AIDA64 benchmarks reveal that the Ryzen 5 9600X offers almost 3,800 GB/s read bandwidth in L1 cache. Write bandwidth was tested at around 1,900 GB/s and copy speed was tested at almost 3,800 GB/s, just like the read speed. We also see a cache latency of under 1 nanosecond.

Ryzen 5 9600X vs Ryzen 5 7600X

Sharing the benchmark results, HLX also gave the results of the Ryzen 5 7600X with Zen 4 architecture so that we can make comparisons. The results are revealed in AMD’s Computex announcement. It confirms what they said. The Zen 4 CPU has almost 2x less raw bandwidth in L1 and L2 cache compared to the Zen 5-based Ryzen 5 9600X.
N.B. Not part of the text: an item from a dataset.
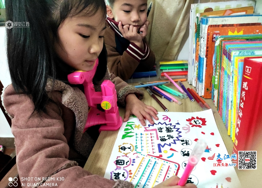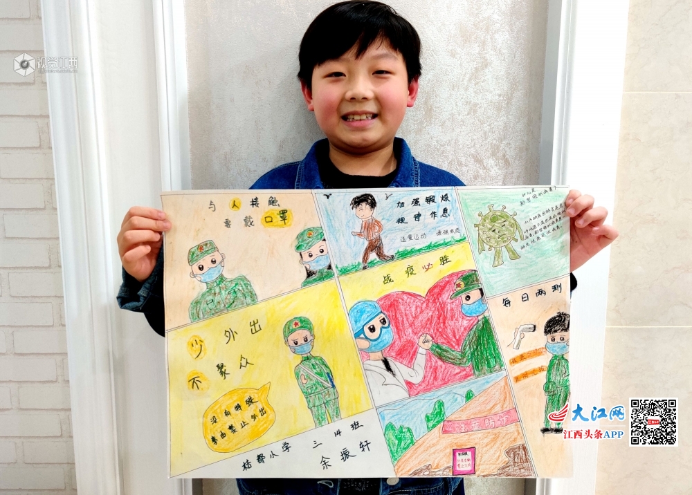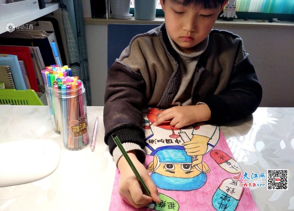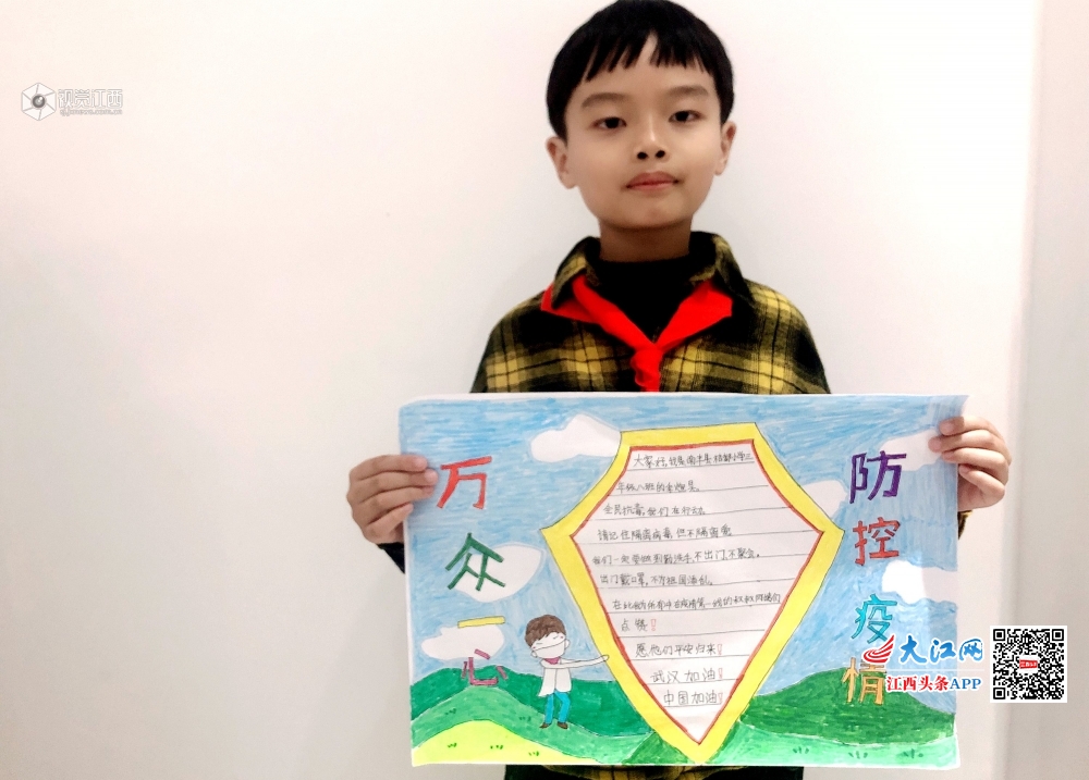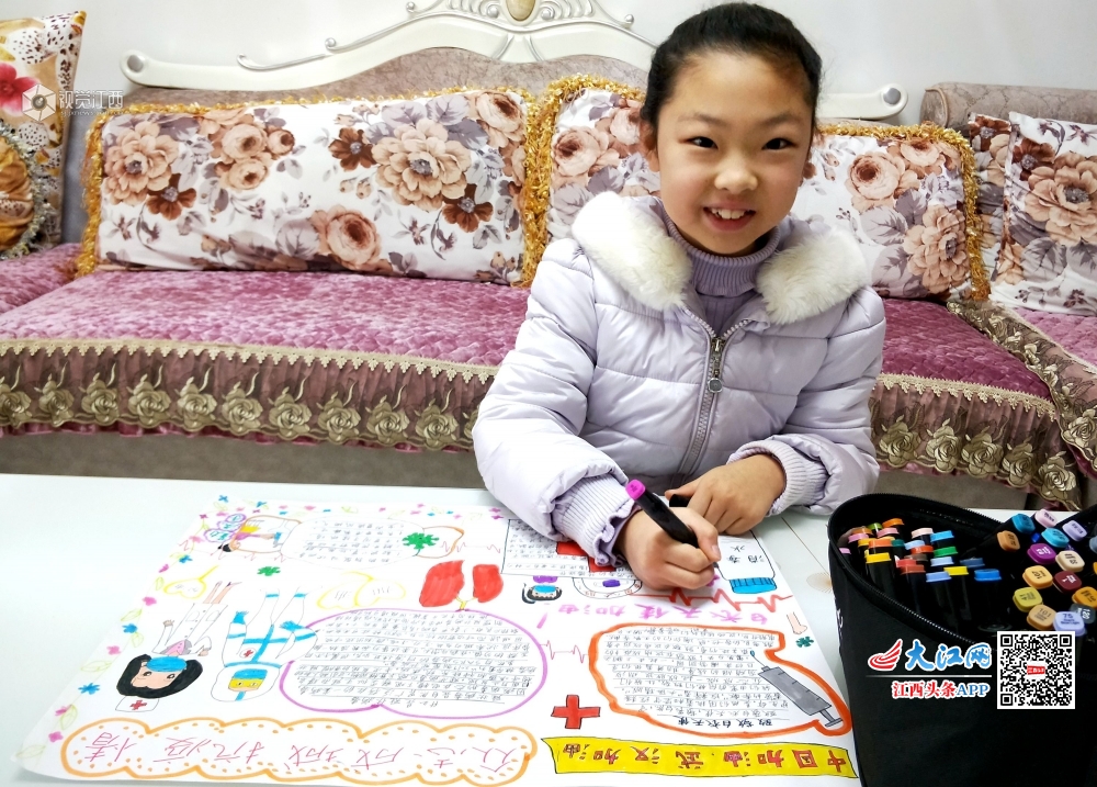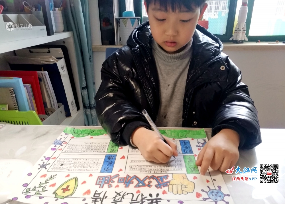 2020年3月3日,江西省南丰县的小学生在家中制作并展示自己创作的“抗击疫情”手抄报,他们用小小的画笔,绘制了一幅幅生动活泼的宣传画,为武汉助力,为中国加油。

The previous generation 7600X can offer 2,000 GB/sec read/copy speed and 1,000 GB/sec write speed (with the same latency). The L2 cache is rated at just over 1,000 GB/s (a slightly lower but indistinguishable 2.6ns latency) for read, write and copy speeds.

Cache is undoubtedly one of the most important components in modern CPUs. A good caching system can feed the CPU cores with data consistently across multiple workloads with minimal downtime. A poor caching system will allow the cores to process data much more slowly than system memory. from the beginning Since it has to wait for the transfer to be made, it can provide low CPU performance.

We have yet to see how the L1 and L2 cache improvements in Zen 5 translate to real-world performance or even synthetic benchmark performance. However, these intense bandwidth improvements are among the improvements that helped increase the Zen 5 IPC by 16% compared to Zen 4.